Most Frightening Industrial Complexes: The Exxon-Mobil and Philips Conoco plants (refineries?) of Billings, Montana

Most Disdainful & Smug Starbucks Employee: Inside the Crowne Plaza of Billings, Montana

My best driving: southern Minnesota (straight, flat, empty)
My worst driving: forgetting to take my foot off the gas entering a gas station in Bozeman, Montana (not to worry, nothing happened)

Worst Smelling City: Gary, Indiana (Gowanus Canal is beaten by Wolf Lake, which can be sniffed from 10 miles away)
Best Smelling City: Bozeman, Montana

Felt Most Out of Place In: Lulabell’s Café, beside the freight trains hauling coal out of Gillette, Wyoming.

Overheard Conversation at Lulabell’s: How to win a lawsuit in which defendant broke plaintiff’s ribs after plaintiff insisted on hitting on defendant’s 15- year-old niece in a bar (defendant himself brought niece into said bar). Speakers (both in cowboy hats and both with booming voices) were on side of defendant. Strategy: demand a jury trial and get at least two jurors with teenage daughters.
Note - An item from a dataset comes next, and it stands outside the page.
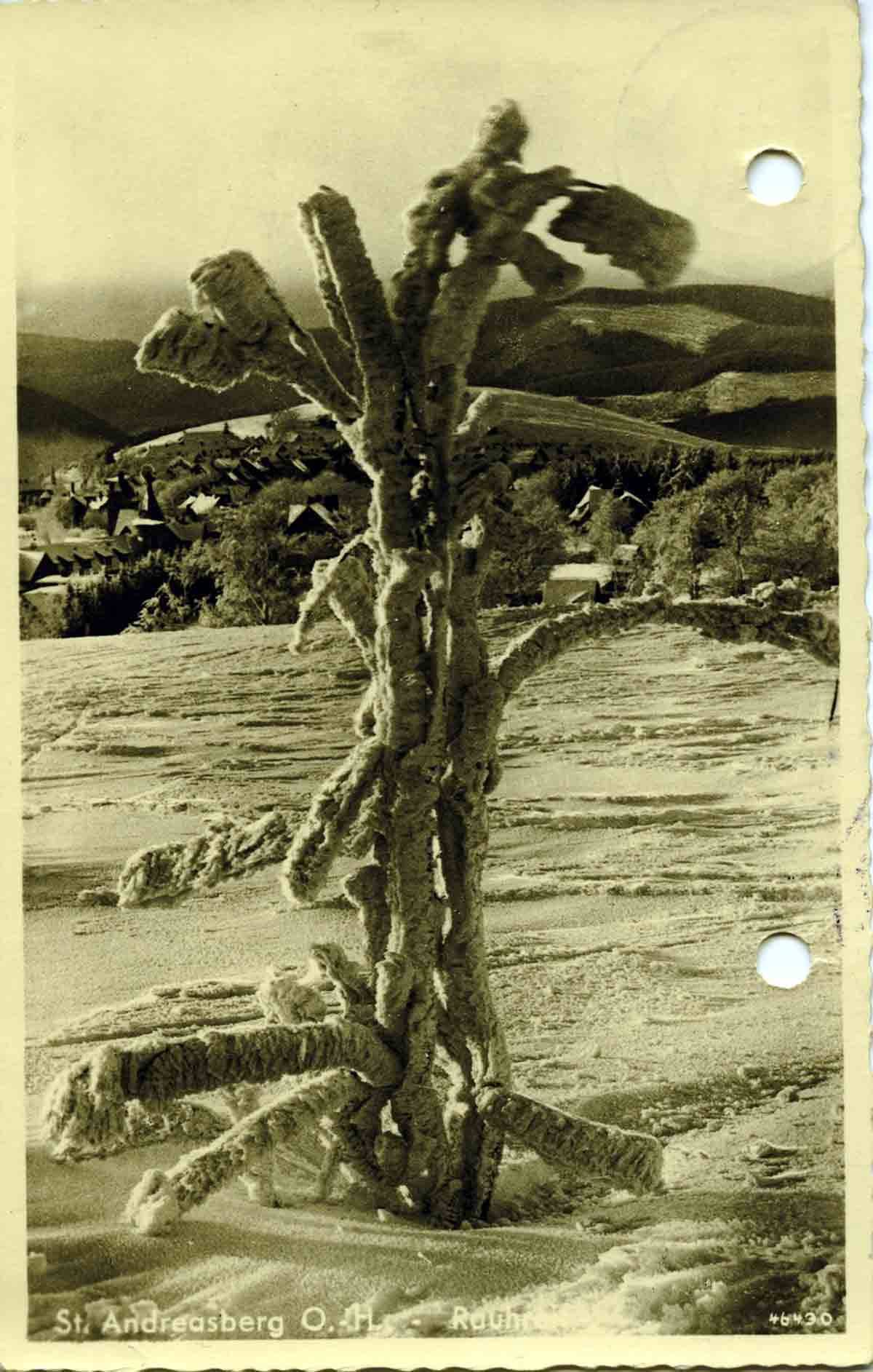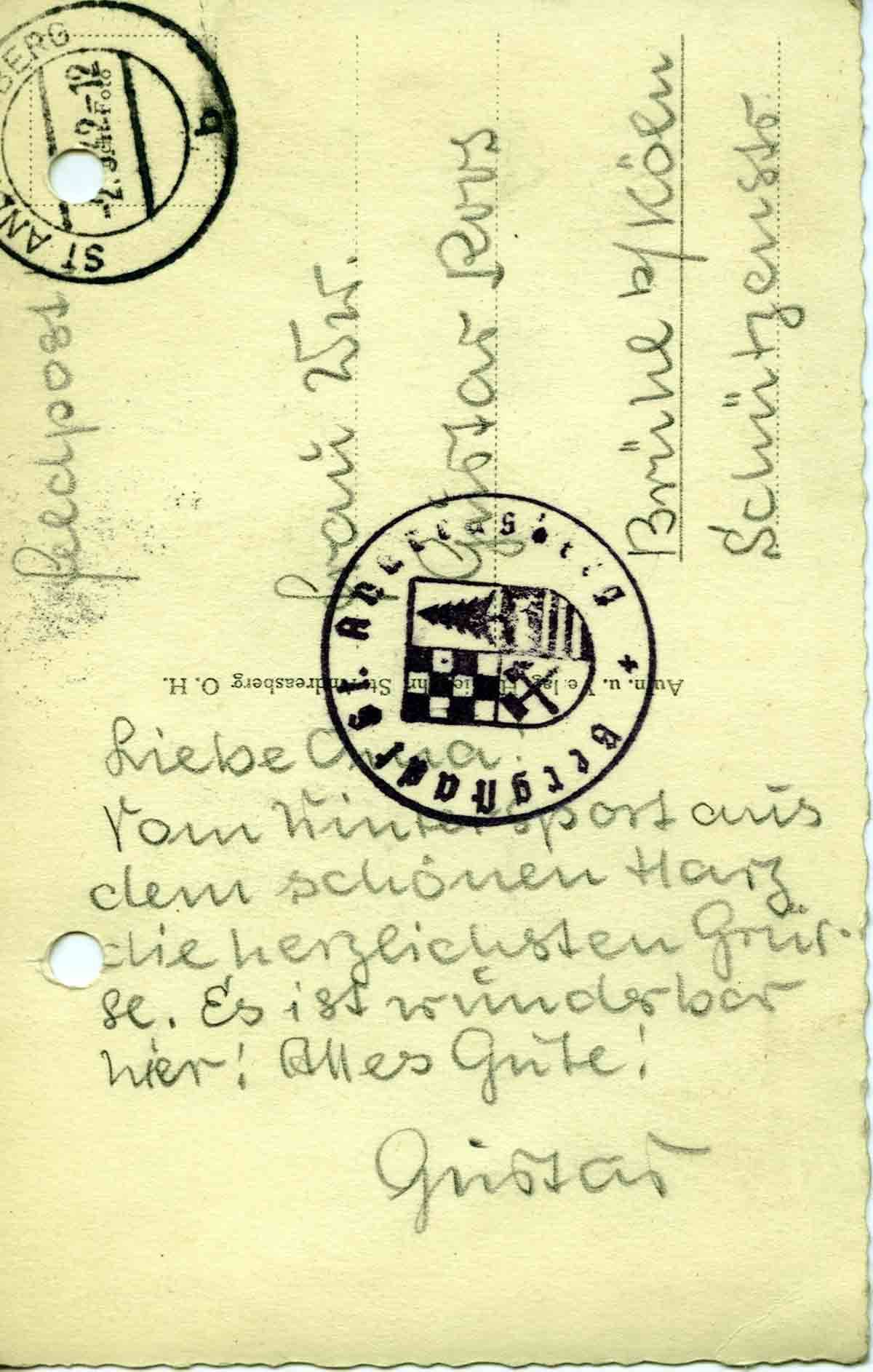 Gustav Roos an seine Oma, 2. März 1942 [? Poststempel] St. Andreasberg O.-H. Frau Ww. Gustav Roos Brühl b/Köln Schützenstr. Liebe Oma! Vom Wintersport aus dem schönen Harz die herzlichsten Grüsse. Es ist wunderbar hier! Alles Gute! Gustav

Most flavorful (and most expensive) burger: Ted’s (e.g. Turner) Montana Grill in Bozeman

Biggest Attempt at Appearing Green: Ted’s (recycled paper mats, 80% paper straws, claim that their cow and bison live happy lives)
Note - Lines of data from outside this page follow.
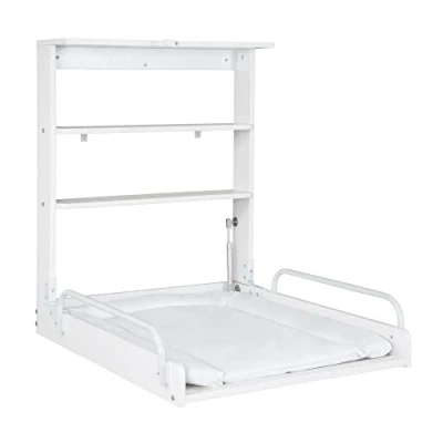 The folding changing shelf comes with a changing mat. Thanks to the side protection, the wall changing shelf is a safe changing place from birth up to a weight of 15 kg. The wrapping table can be easily opened and closed with one hand and glides gently and safely up and down thanks to its shock absorber hinge. The shelves and the top shelf on the back wall of the wall shelf offer plenty of space for necessities, which can also be stored safely and well organized when the changing plate is folded up. The folding changing shelf is developed and produced according to the latest safety standards. All materials used are certified and regularly tested.
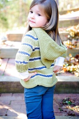 This sweater knits up amazingly fast thanks to the larger gauge. Bulky yarn is worked in a looser fabric to make a cozy layering piece in winter or even milder weather. It’s worked seamlessly, top-down, making it easy to adjust lengthwise for the perfect fit. Stitches for hood are picked up along neckline and worked up after garment. Options are included for no hood, 3/4 sleeves or long sleeves, and a-line or straight down body shaping.
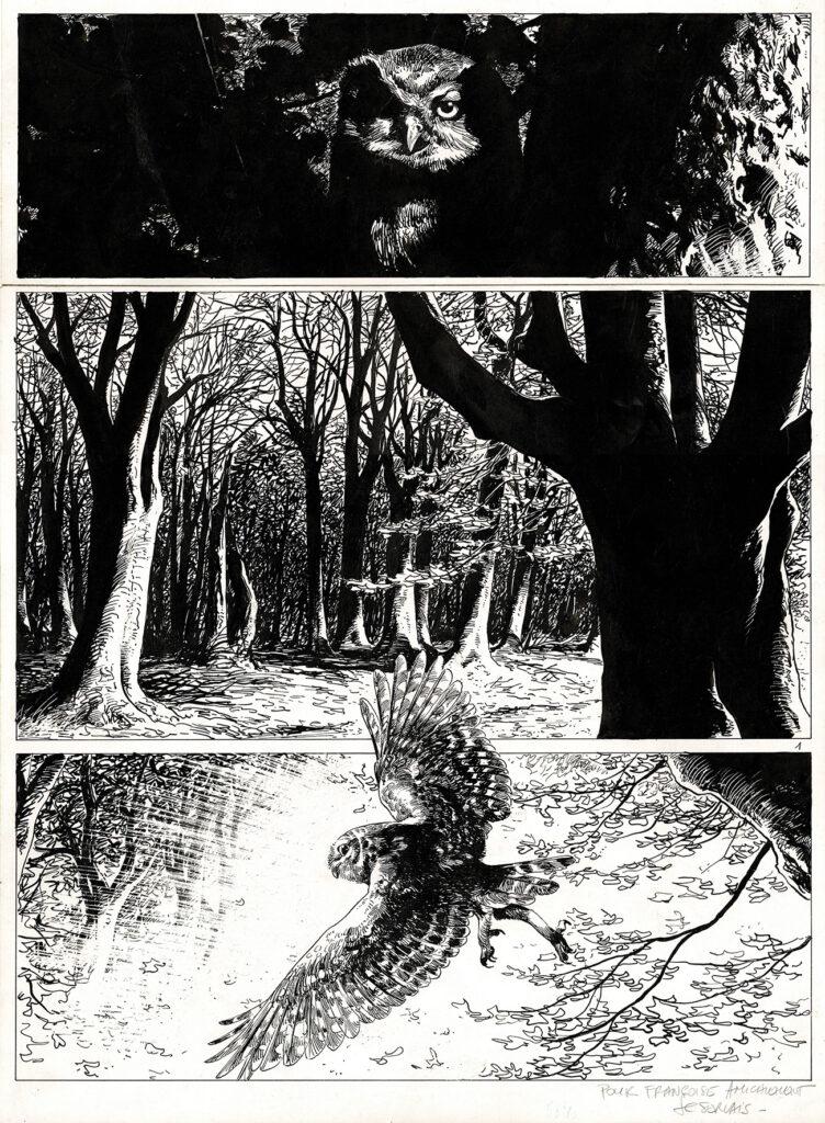 Lova, Tome 1, planche originale à l’encre de chine pour cet album paru en 1992 chez Dupuis. Dimensions : 51 cm x 36,5 cm.

Overheard Conversation at Ted’s: Favorite American sculptor, living or dead

Most Well-Travelled Orange: Bought in Sheridan, Wyoming, apparently shipped from Australia, and eaten in Seattle.

First Memorable Experience in Seattle: After arriving in town on an uncharacteristically hot day and schlepping boxes and luggage up three flights of stairs, falling victim to a drive-by water gunning on the corner of Harvard and Harrison.

Strange bookends to our journey: Watching the first half of There Will Be Blood in Brooklyn surrounded by our packed up boxes and finishing it in Seattle in the chaos of unpacking. Simplified take-away from the film: greed and religion go hand-in-hand until greed bludgeons religion to death with a bowling pin. Mm. Welcome home!

Monday, August 03, 2009

Yellow Medicine Review

My short story "Ebb and Flow" has been accepted for the Fall 2009 issue of Yellow Medicine Review. This issue, guest edited by Andrei Guruianu, will focus on Eastern Europe twenty years after the fall of communism. Very much looking forward to seeing the issue!